Special Report by Cristina Ramirez Doval 

Many women in Los Altos were known for their ability to work with textiles and make beautiful clothing items.

Aguerrebere became an ally providing guidance on how to better profit from their skills. 

Founded in 2013, Impacto has made both internal workers as well as external actors grow. 

The NGO works mainly in Mexican states Chiapas and Puebla, and its sole purpose is to give a business structure to more than 1,100 artisans who make and sell their creations.

Impacto focuses on five main areas of production including textiles, pottery, Traditional Friday campaigns, institutional communications and reconstruction, according to their 2019 annual report.

The first two areas consist of what actually inspired Aguerrebere to create Impacto: small networks of women that know each other either seek out Impacto or vice versa in order to learn more and engage in fair trade. 

“The women in Los Altos in Chiapas are not a vulnerable population, but we can say their way of life is threatened by many circumstances, including the system,” the NGO’s Development Coordinator Andrea Bonifaz said.

Chiapas women have ancestral knowledge of how to make pottery, embroidery patterns and native iconography. 

“The fact that most of their iconography is of Mayan origin has allowed us to adapt our methodological approach, be more flexible towards their business needs, and it encourages space for dialogue and therefore, change,” Bonifaz explained.

Traditional Fridays is a social media campaign created in 2014 and inspired by the #CasualFridays trend that teaches artists, producers and the general public about the designs embroidered originally in southern Mexico.

The institutional communications program basically educates the general public about Impacto’s work while also showing collaborators how to best carry out different practices. 

iReconstrucción -otherwise known as the reconstruction program carried out by Impacto and other allies-  was created after the two earthquakes that hit Mexico on September 9th and 17th, 2017. 

Back then, the NGO built alliances with other groups in order to “generate, collect, and manage resources” that would help citizens affected by the quakes, according to Impacto’s latest annual report. The document also states that team and volunteer brigades helped the residents in these areas to manage production, in order to avoid loss of income of affected families. 

As development coordinator, Bonifaz pointed out that word of mouth and gender perspective approach is what drives the organization’s success and said they welcome men and women alike, as they often come in groups, either as families or as part of small communities. 

“We can’t set aside the fact that we [as women] are still inserted in structural issues, like sexism” without seeming invasive in the communities they serve, Bonifaz said. 

For example, she said the best approach is to help the people change their habitual way of thinking. 

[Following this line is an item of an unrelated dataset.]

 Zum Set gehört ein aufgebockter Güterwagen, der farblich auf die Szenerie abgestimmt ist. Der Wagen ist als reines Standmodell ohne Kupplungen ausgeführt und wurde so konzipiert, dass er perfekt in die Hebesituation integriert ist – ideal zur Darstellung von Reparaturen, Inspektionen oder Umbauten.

“We often hear ‘give women more access to the workforce, make them financially self-sufficient’ but without gender perspective, those types of developments are simply not effective or genuine,” she added.

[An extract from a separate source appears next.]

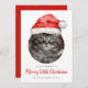 Tarjeta Festiva Meowy pequeños Navidades foto de gato de Santa Hat
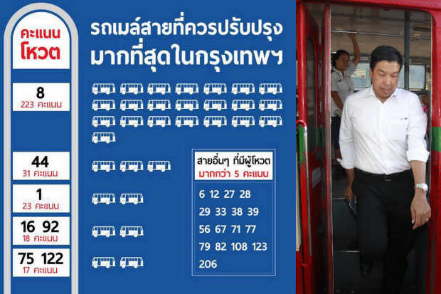 เมื่อวันที่ 14 ส.ค. ทีมงานเฟซบุ๊กของนายชัชชาติ สิทธิพันธุ์ รมว.คมนาคม ได้เผยแพร่ผลคะแนนโหวตสายรถเมล์ที่ควรปรับปรุงมากที่สุดและเรื่องร้องเรียน พบว่า สรุปคะแนนโหวตรถเมล์ที่ควรปรับปรุงมากที่สุด 5 ลำดับประกอบด้วย

Impacto’s policy of  participating only as a collaborating entity has not only been praised by women within artisan networks; it’s also captured the attention of women from other NGOs like Kathia Loyzaga, who had been working in Los Altos for years. 

She had just finished her master’s degree in Human Studies and knew about Impacto’s work ethic. 

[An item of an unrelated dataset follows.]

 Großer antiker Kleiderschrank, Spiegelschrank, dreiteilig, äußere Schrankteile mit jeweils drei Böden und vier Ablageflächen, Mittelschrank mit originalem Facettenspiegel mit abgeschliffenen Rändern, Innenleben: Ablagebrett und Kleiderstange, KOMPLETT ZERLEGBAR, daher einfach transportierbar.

Working for another nonprofit in San Cristobal de las Casas at the time, Loyzaga said all of these groups are usually acquainted. 

“I started to become motivated when I learned the stories behind the iconography in embroidery; I was learning these towns’ history from an anthropological perspective,” she explained.

Today, Loyzaga is Impacto’s communications director.

There are many ways in which we can help our communities become better versions of themselves but it is as important to stand back and let the people decide which path is the right one for their improvement. 

The artisan women from Puebla and Chiapas have the ancestral knowledge and the selling skills necessary to thrive in the marketplace.  

Impacto acts as an observer to national and international news, events and policies helping local women take protective legal and community measures against cultural appropriation from big fashion brands like Zara and Carolina Herrera. 

“It’s important to change the narrative,” Loyzaga explained. “We’re not helping them, we are collaborating with each other.”